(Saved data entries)
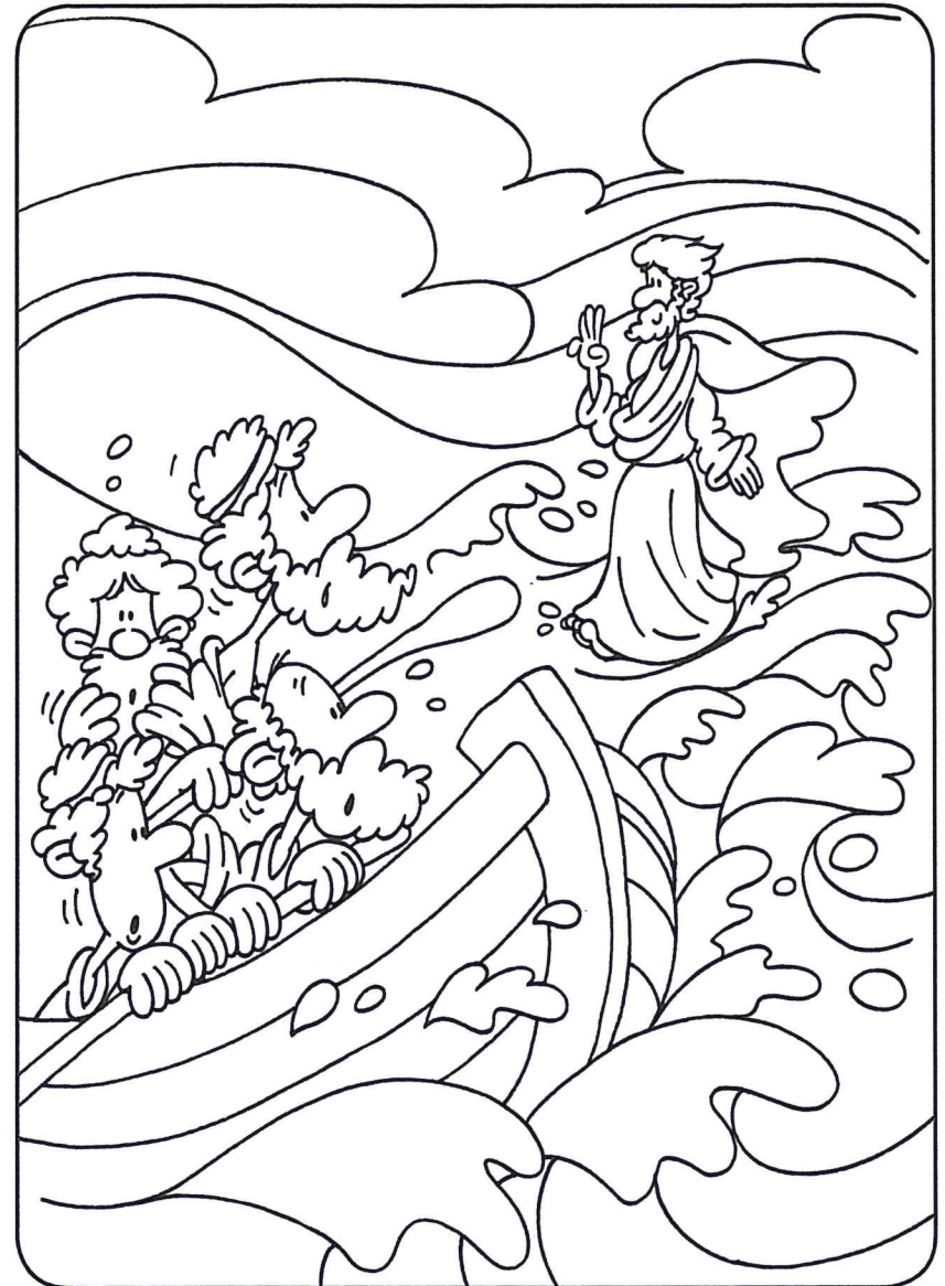
He came to them, walking on the sea.
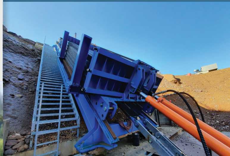
This inclined test facility is one of the largest and most modern in the world. It can accommodate a large variety of types of fences as well as earth dams.
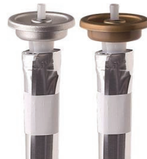
1" Bag On Valve (Male)
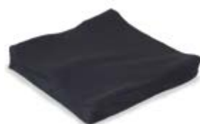
JAY Soft Combi™ P
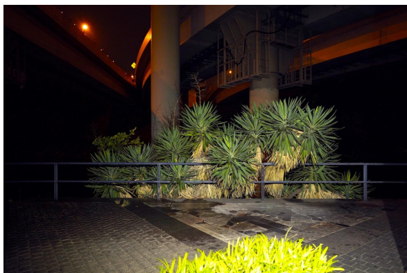
from the series Across the Sea, or Beyond the Night
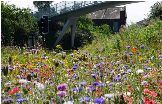
Roadside wildflowers in Sheffield

£2-7 (depending on seeding or turfing options)
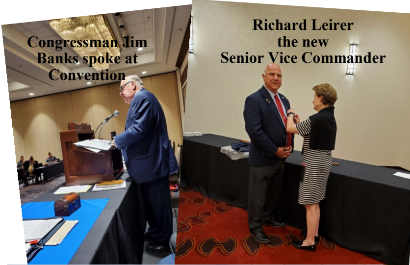
Congressman Jim Banks spoke at Convention
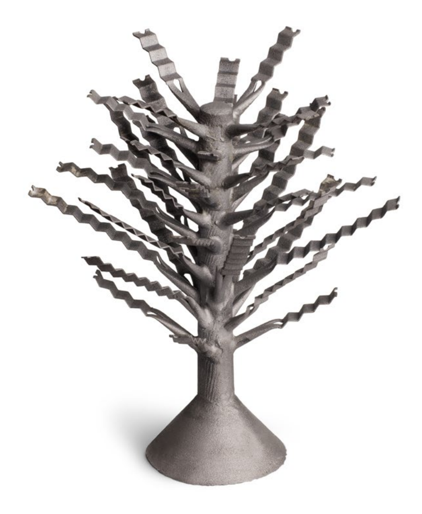
Castable models for industrial use made with DWS 3D printers and materials can be of refined and complex design.
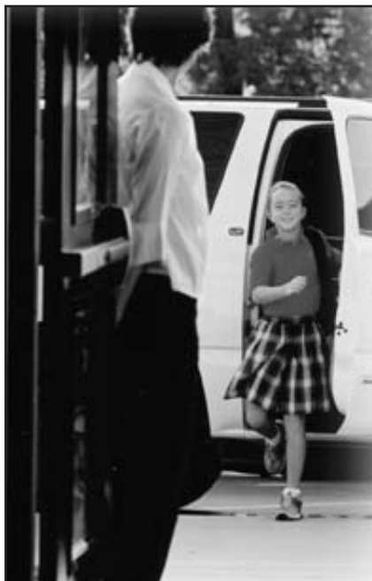
Students come to school dressed for learning.

Besides the new Lower School, the other big news at USJ is the start of uniforms at all grade levels. Students come to school each day looking like they are prepared to learn, administrators say.

**Work instruction**
Only lines from the one holding "This inclined test" through the last line of the entries above are wanted, both ends included, each retyped exactly; no pictures.

**Answer**
This inclined test facility is one of the largest and most modern in the world. It can accommodate a large variety of types of fences as well as earth dams.
1" Bag On Valve (Male)
JAY Soft Combi™ P
from the series Across the Sea, or Beyond the Night
Roadside wildflowers in Sheffield

£2-7 (depending on seeding or turfing options)
Congressman Jim Banks spoke at Convention
Castable models for industrial use made with DWS 3D printers and materials can be of refined and complex design.
Students come to school dressed for learning.

Besides the new Lower School, the other big news at USJ is the start of uniforms at all grade levels. Students come to school each day looking like they are prepared to learn, administrators say.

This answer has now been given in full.